El balance que se puede hacer de lo que se dio en llamar la primavera árabe  es descorazonador. La democracia no se ha abierto paso en una región donde nunca la hubo y  que se ha convertido en el principal peligro para la estabilidad mundial. Occidente mira con más que justificada preocupación a lo que ocurre en el amplio arco que empieza en Mauritania y termina en el Golfo Pérsico. Allí nos jugamos los actuales suministros energéticos y buena parte de las reservas del futuro. Y si se mira el mapa de la zona, quizás sólo podamos encontrar cierta estabilidad en países como Marruecos, que cada vez mira más a Europa y menos a sus vecinos, y que supo ponerse de espaldas al temporal anunciando tímidas reformas,  o en férreas monarquías feudales como Arabia Saudí.
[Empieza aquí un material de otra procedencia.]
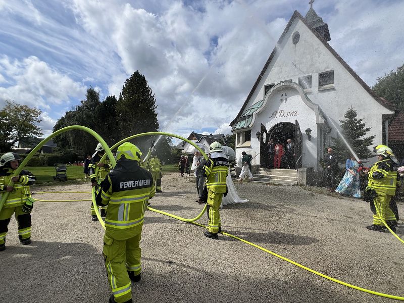 Drum machten sich fast 20 Feuerwehrfrauen und Feuerwehrmänner auf zur Grünbacher Kirche und bauten Schläuche und Strahlrohre auf, um genau das vorzubereiten, was seit vielen Jahren die Grünbacher Brautpaare erleben und genießen dürfen.
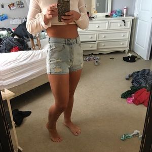 Light wash, high waisted, distressed shorts from Brandy Melville. Never worn! Perfect condition

Pero piezas clave del tablero, como Egipto, son una caja de bombas donde cualquier cosa es posible. Allí Mohammed Morsi ha ganado dos elecciones: la que le llevó al poder tras el derrocamiento de Mubarak y la que le permitió elaborar una Constitución de corte islamista. Pero, lejos de lograr un clima de normalidad, la política de Morsi ha fortalecido a una oposición que ha vuelto a llenar la plaza Tahrir de enfurecidos manifestantes, se ha enfrentado al Poder Judicial, y el Ejército, el verdadero factor de poder en Egipto, ya le ha advertido que actuará si el presidente no logra llevar la tranquilidad al país.

En Libia la situación es incluso peor. La caída de Gadafi, en la que fue decisiva la intervención de la OTAN, dejó un vacío de poder en Trípoli que las nuevas autoridades impuestas por Occidente no pudieron llenar. En un país tribal, lleno de armas y donde las milicias de carácter islamista ejercen cada vez mayor control, el Estado no existe más allá de la capital o alguna gran ciudad, como demostró el ataque al consulado de Estados Unidos en Bengasi que costó la vida al embajador norteamericano en el país.

El tercer foco de tensión es Siria, donde la represión ejercida por Al-Assad ha metido al país en una espiral de sangre y terror que parece propia de las guerras de siglos atrás. La caída del régimen sirio se da por segura. Pero lo que venga detrás puede ser una república islámica que agrave todavía más las cosas. Mientras tanto el conflicto se eterniza y cuando se escriben estas líneas parece muy lejos de terminar.

La guerra contra los islamistas en Malí, que amenaza con convertirse en un nuevo Afganistán y donde el resto de Europa ha dejado sola a Francia, completa un rompecabezas en el que Estados Unidos y la Unión Europea se juegan mucho, pero que no pierden de vista ni China ni Rusia. La partida de ajedrez quizás está todavía en sus primeros movimientos. Pero lo que ya está claro es que la primavera árabe no floreció.